T Ü R K   M İ L L E T İ   A D I N A

Y A R G I T A Y   İ L A M I

İNCELENEN KARARIN
MAHKEMESİ               :
 Ankara 2. Fikri ve Sınaî Haklar Hukuk Mahkemesi
TARİHİ                         : 17/12/2020
NUMARASI                 : 2020/357 - 2020/414
DAVACI                       : H. Motor Company vekili Av. M.U.
DAVALI                       : Türk Patent ve Marka Kurumu vekili Av. R.B.
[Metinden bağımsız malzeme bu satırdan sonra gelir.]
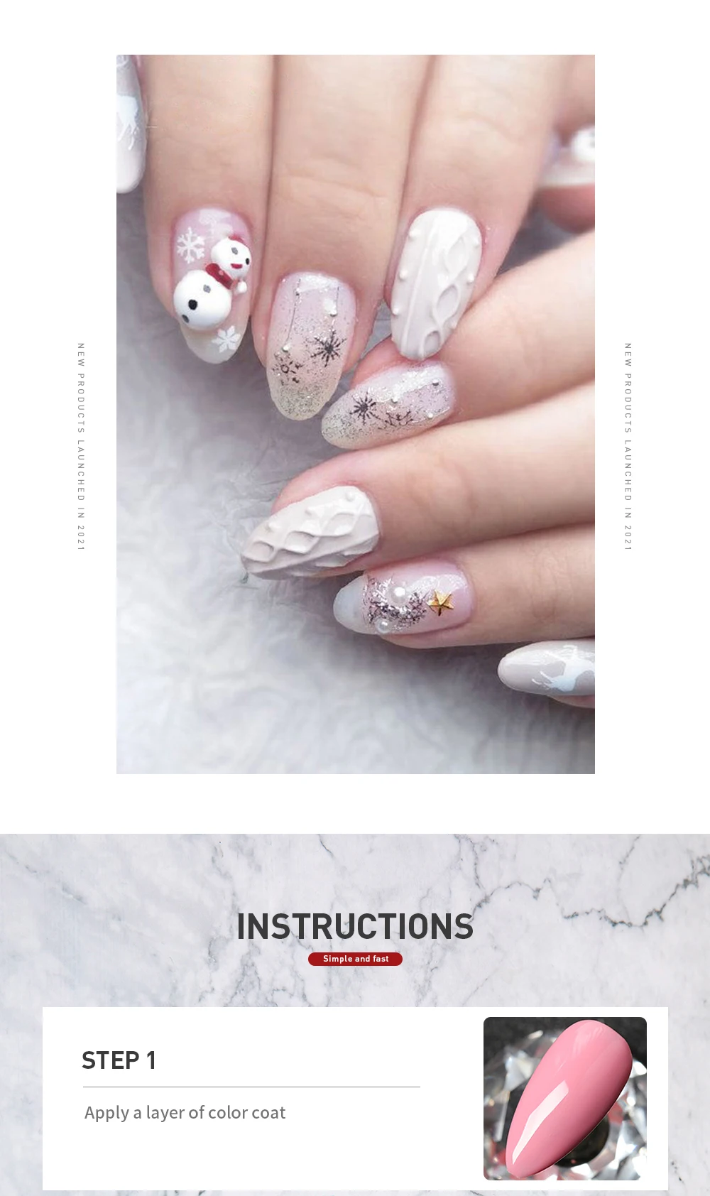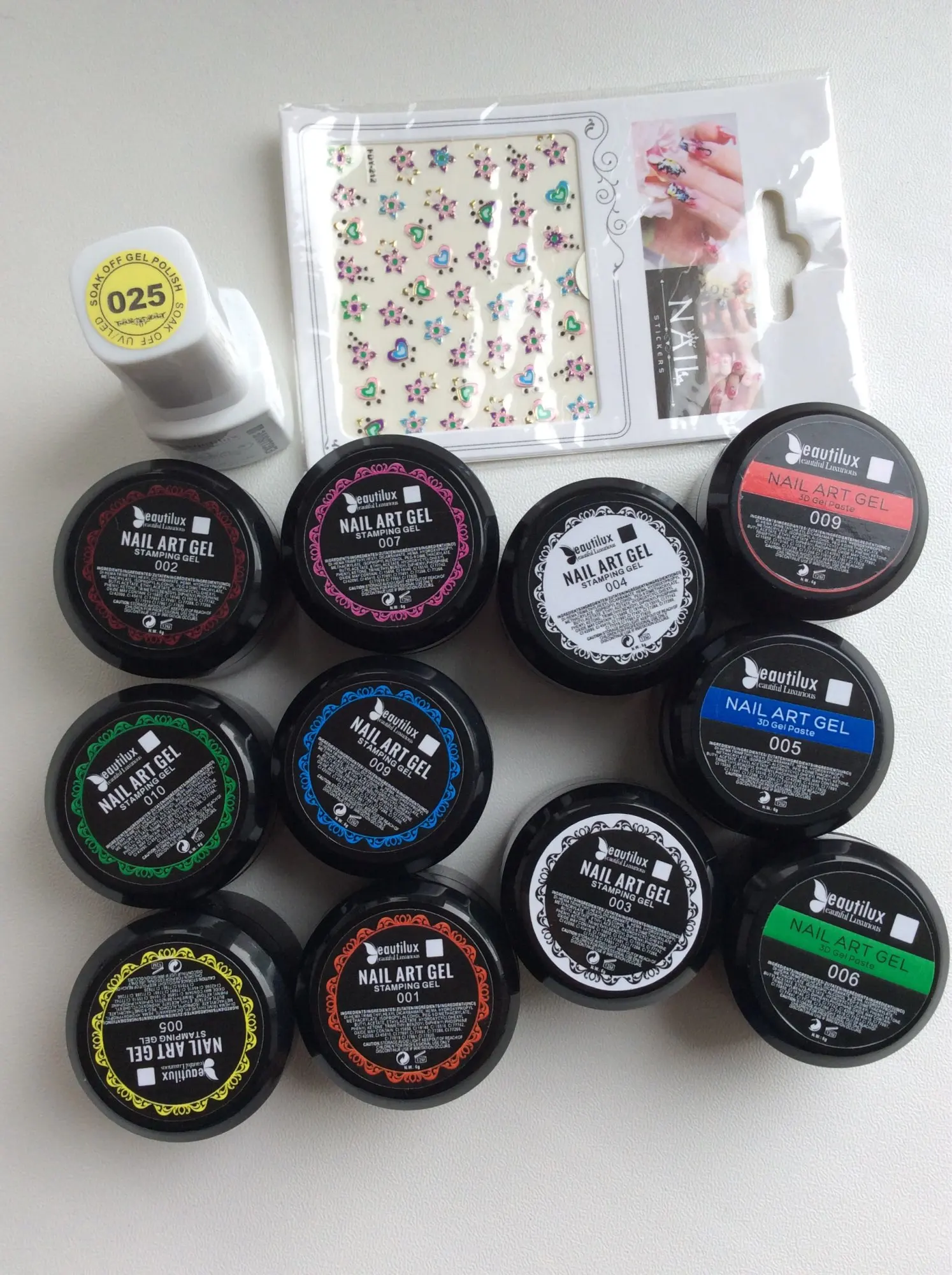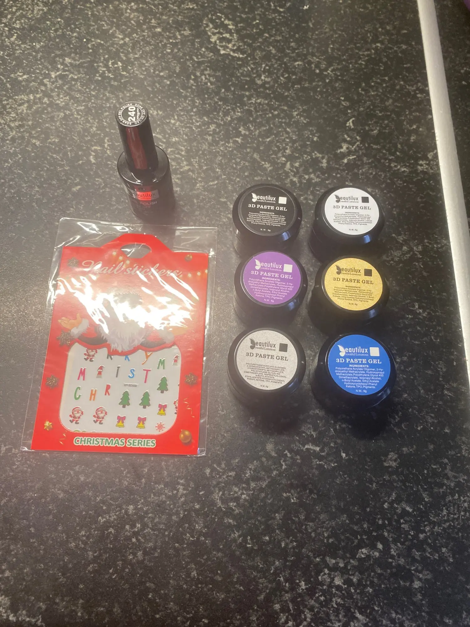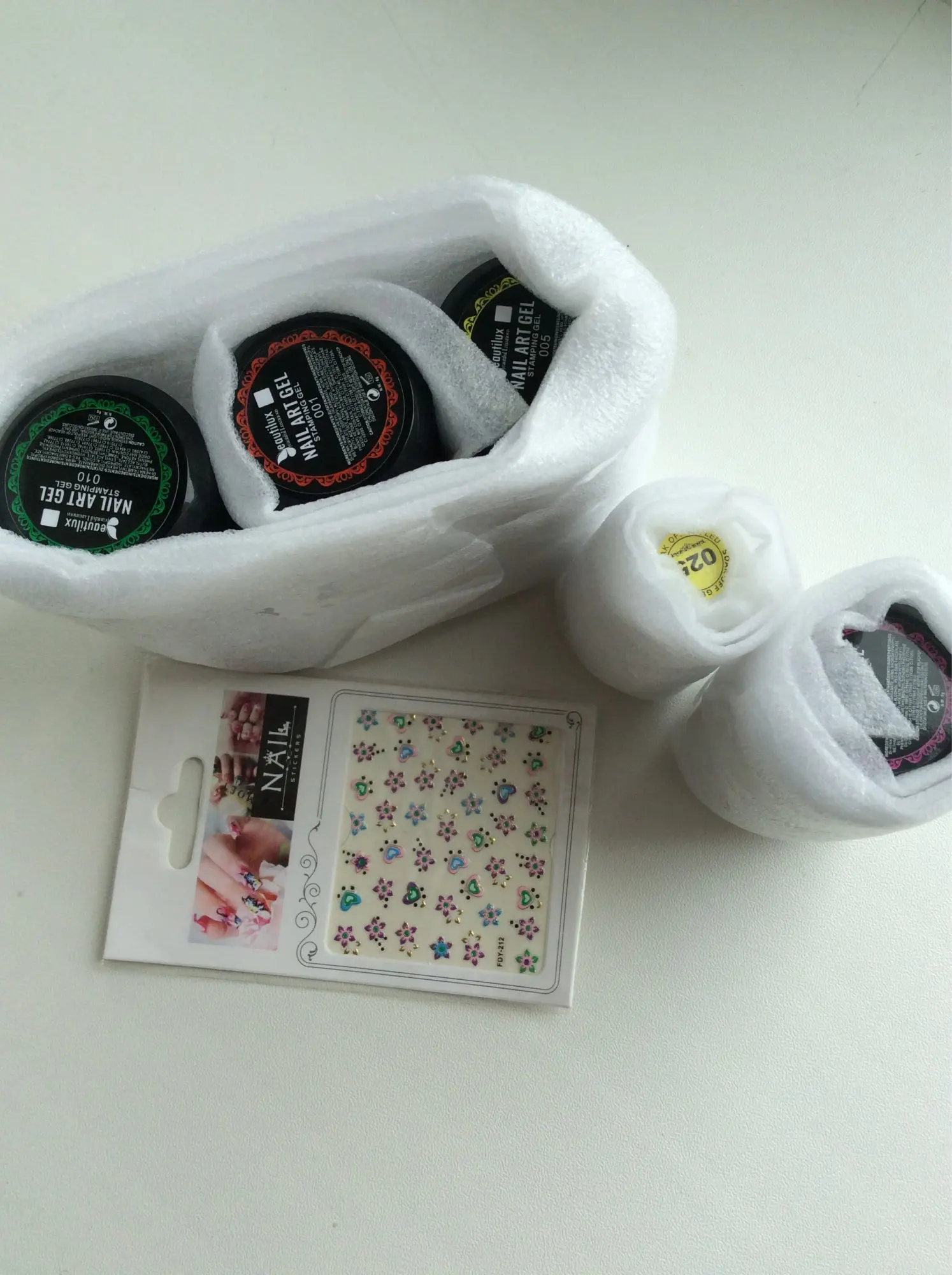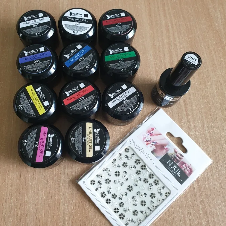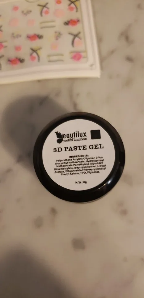доставка долговатая, 1,5 месяца, продавец положил подарочек - наклейки, очень приятно , продукция этого бренда отличная, 3д паста отличная, лак полупрозрачный, но пигментация супер, из-за того, что в нем крупные блёстки потребуется выравнивание топом

1. Taraflar arasındaki "Türk Patent ve Marka Kurumu Yeniden İnceleme ve Değerlendirme Kurulu (YİDK) kararının iptali" davasından dolayı yapılan yargılama sonunda; Ankara 2. Fikri ve Sınaî Haklar Hukuk Mahkemesince verilen davanın kabulüne ilişkin karara karşı davalı vekilinin istinaf başvurusunun esastan reddine dair Ankara Bölge Adliye Mahkemesi 20. Hukuk Dairesince verilen karar, davalı vekili tarafından temyiz edilmesi üzerine Yargıtay 11. Hukuk Dairesince yapılan inceleme sonunda bozulmuş, ilk derece mahkemesince Özel Daire bozma kararına karşı direnilmiştir.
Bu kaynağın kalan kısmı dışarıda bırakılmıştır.